今日の霊性 教師に欠点があることは問題ではない。 欠点を克服する勇気を生徒に示せないのが問題なのだ。
教師に欠点があることは問題ではない。
欠点を克服する勇気を生徒に示せないのが問題なのだ。
――ブーバー思想に基づく真の教育への導き――
創始者本能と結び付きの本能の開発
関係性の思想を打ち立て、人々への啓蒙活動を続けてきたブーバーにとって、教育の問題は大きなテーマであったことはいうまでもない。
彼は、教育を次のように定義している。
「精神による生命への奉仕」。
生命とは、神の火花であり、それは因果律(メカニズム)を超えた存在である。
したがって、そんな生命への奉仕である教育は、何らかのシステムや技法で形式化することはできない、というのがブーバーの考えである。
生命はメカニズムではないので、システムに適用することはできないのだと。
「教育の基準とか確固不動の格率〔規則・原則〕は存在するものではなく、いまだ存在したこともなかった」
では、いったい何が教育の方向を決めるのだろうか?
「それは、神の似姿以外のなにものでもない」
すなわち、人間を神に近づけること、これがブーバーの教育に対する基本方針なのだ。
具体的には、神の属性である二つの資質を開発することである。
ひとつは、創造性の開発である。
人間には「創始者本能」が宿っていると彼はいう。
子供たちは、自分で何かを作りたいという本能をもっている。
自分の力で、つい少し前までは存在しなかったものが目の前に誕生することに喜びを覚える。
「子供が渇望しているのは、こうした事物の生成に自分自身で参加することである」
子供は創造活動に参加したがっている。
神が世界を創造したように、私たち人間も世界を創造しようという願望と力を宿しているのだ。
もちろん、完全な無から有を生み出した神の創造と同じわけではなく、ブーバーは人間の創造を「生成」と呼んで区別しているが、広義には「創造」であることに変わりはない。

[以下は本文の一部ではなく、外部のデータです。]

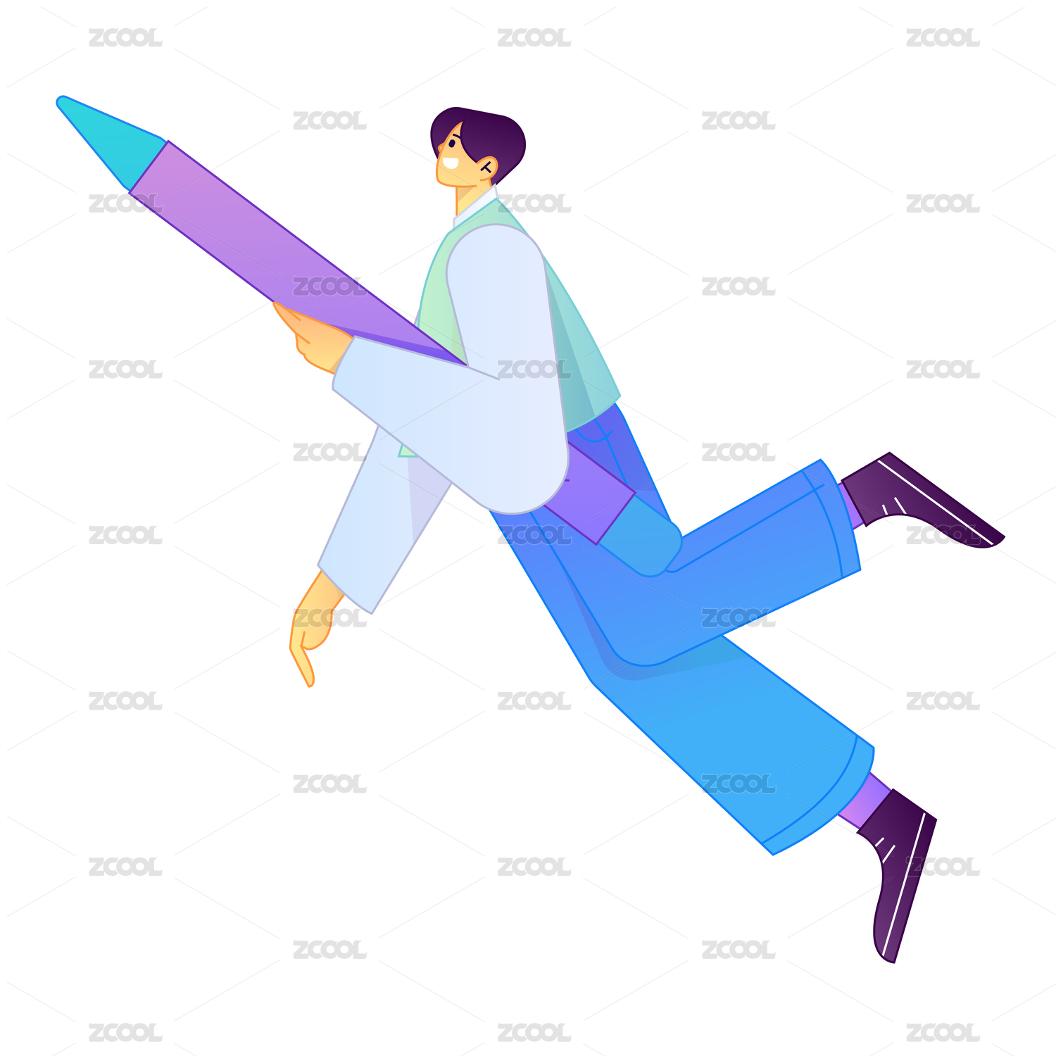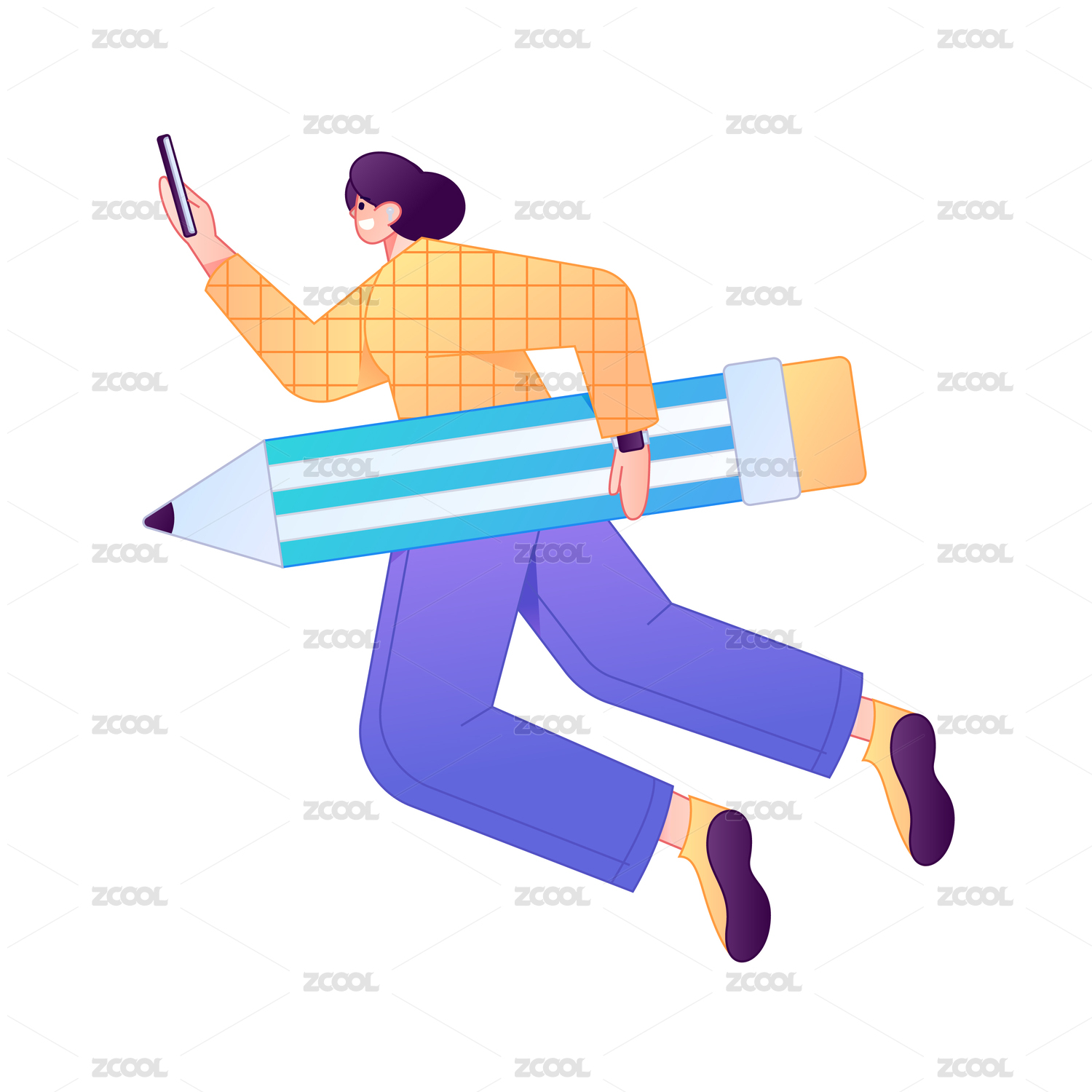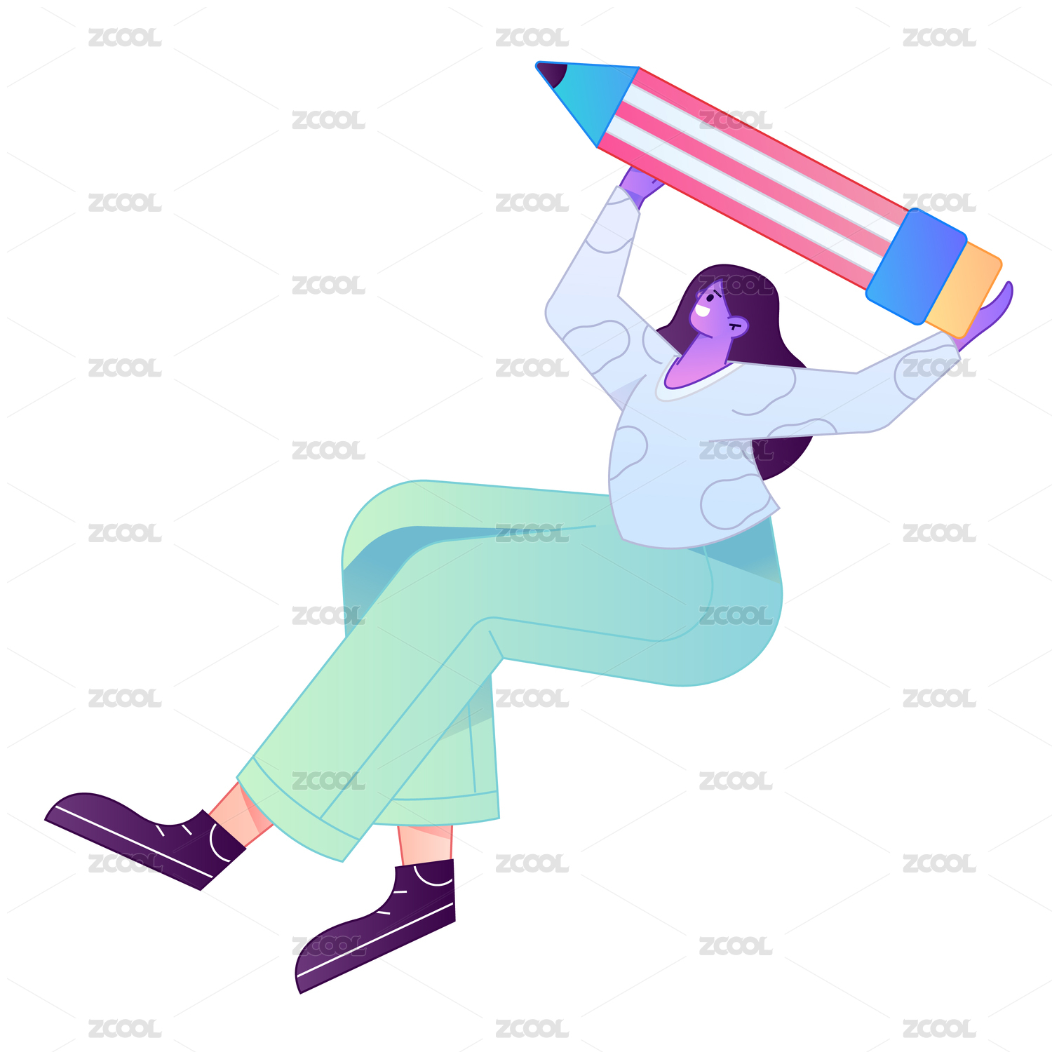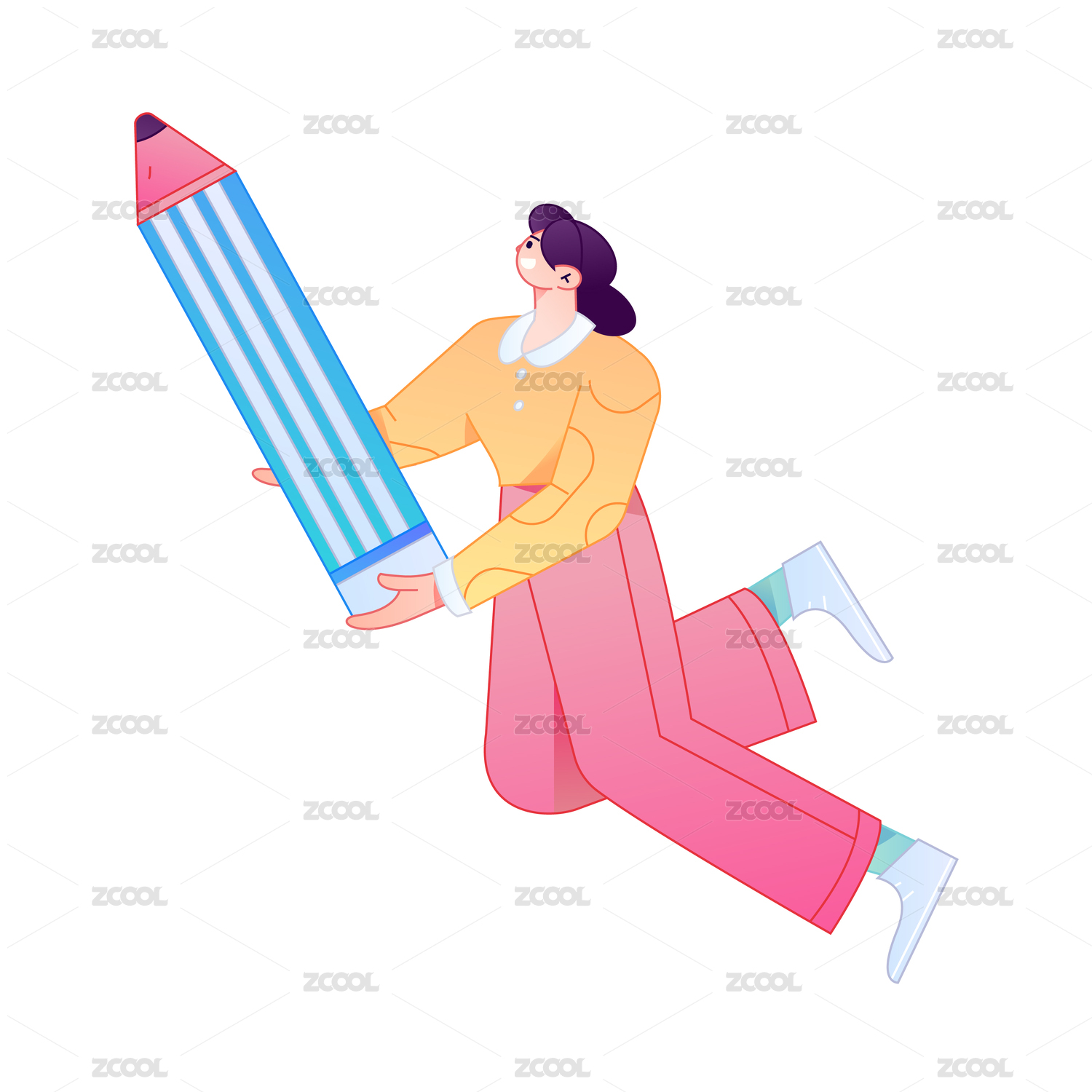 人物手持筆書寫記錄繪畫造型矢量扁平漸變插

たとえどんなにちっぽけな工作であっても、今まで存在しなかったものを存在せしめたという点では、ひとつの「世界創造」への参加なのである。
しかしながら、神の属性は創造だけではない。
神はまた、愛でもある。
この愛を開発することが、二番目の、ブーバーにとってもっとも重要な教育方針となる。
音色を創造しても、それを調和的に関係づけなければ音楽とはならないように、個々の事物を創造しても、それらを関係づけなければ、真の意味で世界とはいえない。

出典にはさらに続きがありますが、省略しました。